Logo Questions Linux Laravel Mysql Ubuntu Git Menu
 

Google Cloud Storage: Output path does not exist or is not writeable

I am trying to follow this simple Dataflow example from google cloud site.

I have successfully installed the dataflow pipeline plugin and gcloud SDK (as well as Python 2.7). I have also set up a project on google cloud and enabled billing and all the necessary API's - as specified in the instructions above.

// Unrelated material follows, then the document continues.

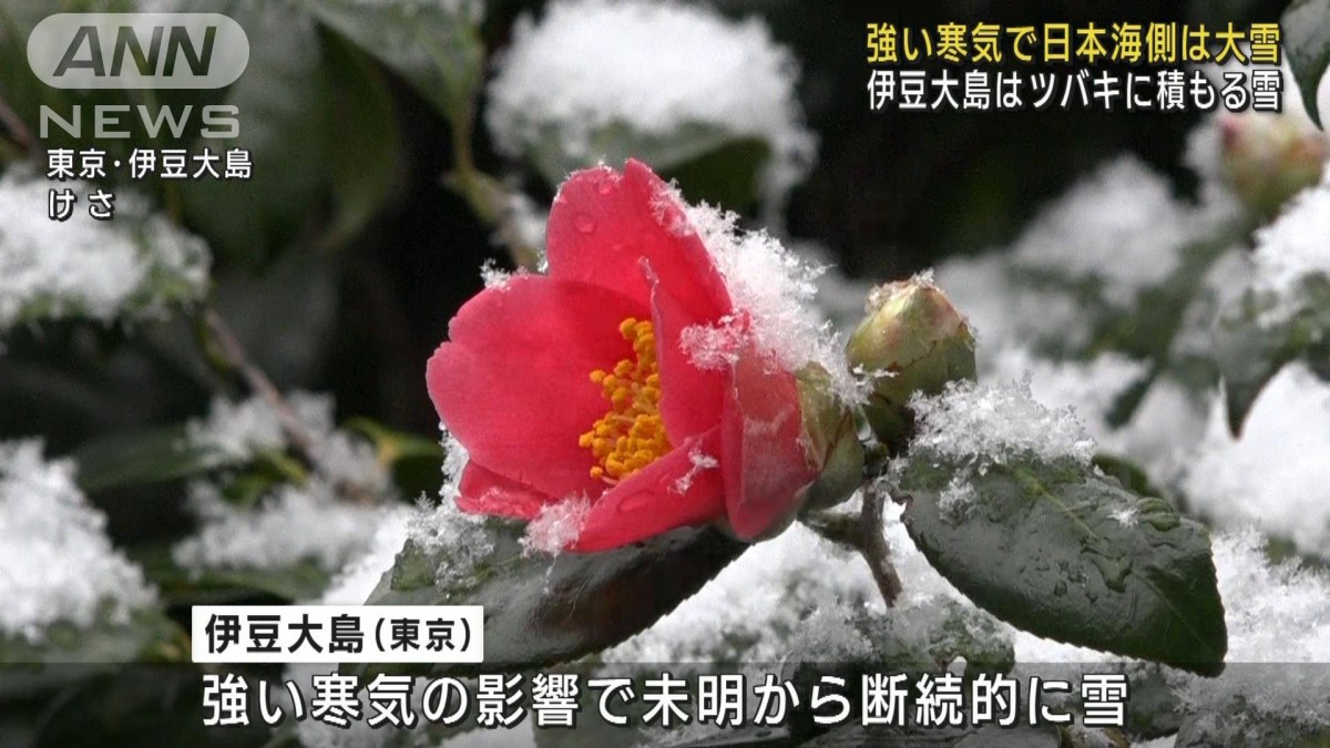 また、太平洋側も強い寒気に覆われていて、東京都の伊豆大島ではツバキの花に降り積もる雪の映像が捉えられました。

However, when I go to the run configurations and change the Pipeline Arguments tab to select BlockingDataflowPipelineRunner, after entering creating a bucket and setting my project-id, hitting run gives me:

Caused by: java.lang.IllegalArgumentException: Output path does not exist or is not writeable: gs://my-cloud-dataflow-bucket
    at com.google.cloud.dataflow.sdk.repackaged.com.google.common.base.Preconditions.checkArgument(Preconditions.java:146)
    at com.google.cloud.dataflow.sdk.util.DataflowPathValidator.verifyPathIsAccessible(DataflowPathValidator.java:79)
    at com.google.cloud.dataflow.sdk.util.DataflowPathValidator.validateOutputFilePrefixSupported(DataflowPathValidator.java:62)
    at com.google.cloud.dataflow.sdk.runners.DataflowPipelineRunner.fromOptions(DataflowPipelineRunner.java:255)
    at com.google.cloud.dataflow.sdk.runners.BlockingDataflowPipelineRunner.fromOptions(BlockingDataflowPipelineRunner.java:82)
    ... 9 more

I have used my terminal to execute 'gcloud auth login' and I see in the browser that I am successfully logged in.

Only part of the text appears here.